We are just getting to know the Democratic nominee-presumptive, and comparisons to other political figures are bound to be partly or mostly wrong. Rather than seeing him in terms of anyone else, we need to know him. He seems to be a fine human being. His pronouncements about NAFTA are psychotic, but what he has said about the bandied-about gas-tax holiday is a voice of sanity in the cuckoo’s nest. Until he says what it is, his strategic vision is a black hole that should, as it stands, disqualify him from being elected president.

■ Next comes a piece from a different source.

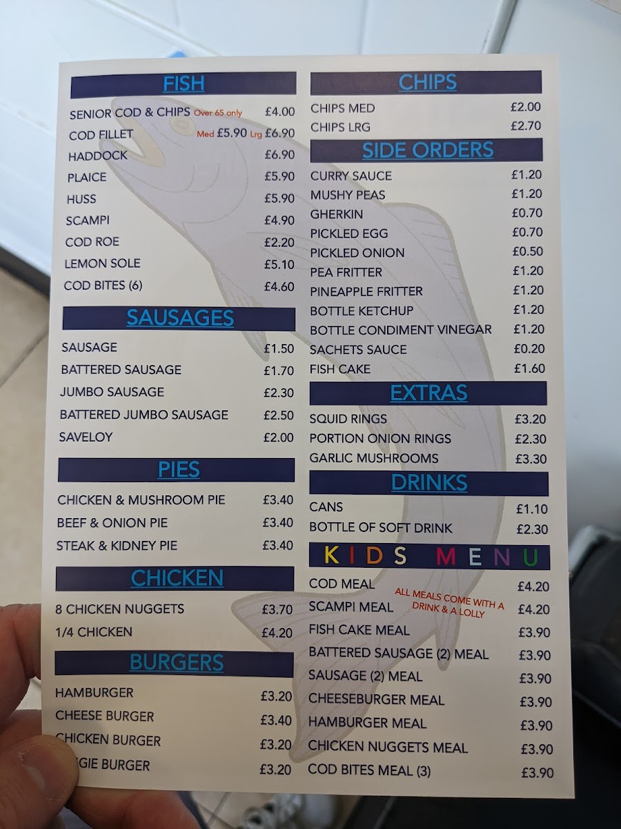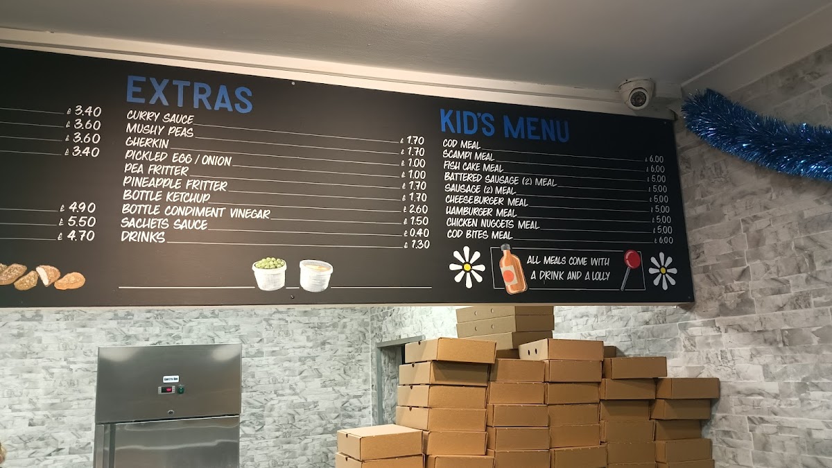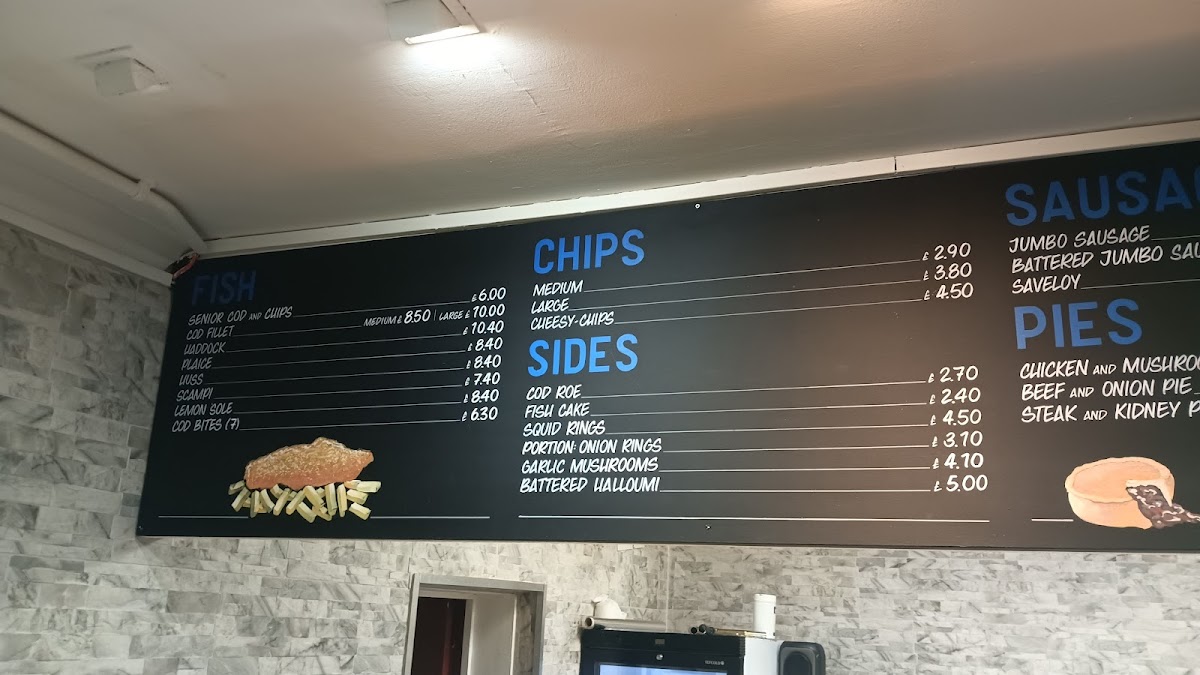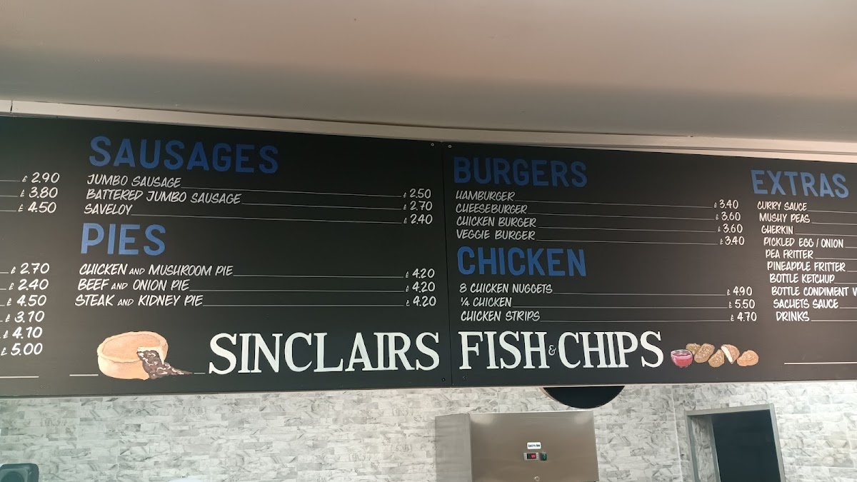 The menu at Sinclair's Fish And Chips offers a wide variety of comforting options, from classic fish and chips to burgers, pies, and more. For burger lovers, there's the Hamburger, Cheese Burger, Chicken Burger, and a Veggie Burger to choose from. The fish selection includes favorites like Scampi, 7pcs Cod Bites, Lemon Sole, and Huss, with options for COD ROE and Cod as well. If you're in the mood for something different, you can try their Saveloy, Battered Jumbo Sausage, or the traditional Jumbo Sausage. The pie offerings include hearty choices such as Chicken Mushroom Pie, Beef Onion Pie, and the classic Steak & Kidney Pie. Chicken lovers can opt for the Chicken Goujon (6pcs), 1/4 Chicken, or 8pcs Chicken Nuggets. For a side, there's everything from Medium Chips and Large Chips to indulgent Cheesy Chips. They also offer tasty side orders like Curry Sauce, Mushy Peas, Gherkin, and Pickled Egg. If you're looking for extras, you can enjoy a Portion of Onion Rings, Squid Rings, or Battered Haloumi (5pcs). Kids have a great selection too, with meals like the Kids 3pcs Cod Bites Meal, Kids Chicken Nuggets Meal, and Kids Scampi Meal. For drinks, there's a range of cans including Coke, Coke Zero, and 7up Can. Don't forget to finish off with a dessert, choosing from flavors like Cookie Dough 450ml, Chocolate Fudge Brownie 450ml, or Caramel Chew Chew 450ml. Plus, for those with dietary restrictions, Sinclair’s also offers Gluten Free options such as Medium Cod and Large Chips.

The press, me included, can be faulted for not doing a better job of vetting Deval Patrick in 2006. In retrospect, Tom Reilly and Kerry Healey might have made better governors, despite the execrable campaigns they ran. But the impulse of white voters to elect black candidates to the nation’s highest offices is a noble one that is not to be ridiculed –– so long as we do not surrender our critical faculty. It resumes the Civil Rights Movement of the 1960s and holds unprecedented promise for the future of the democracy. I intend to continue to be a part of it.
David A. Mittell Jr. is a member of The Journal’s editorial board.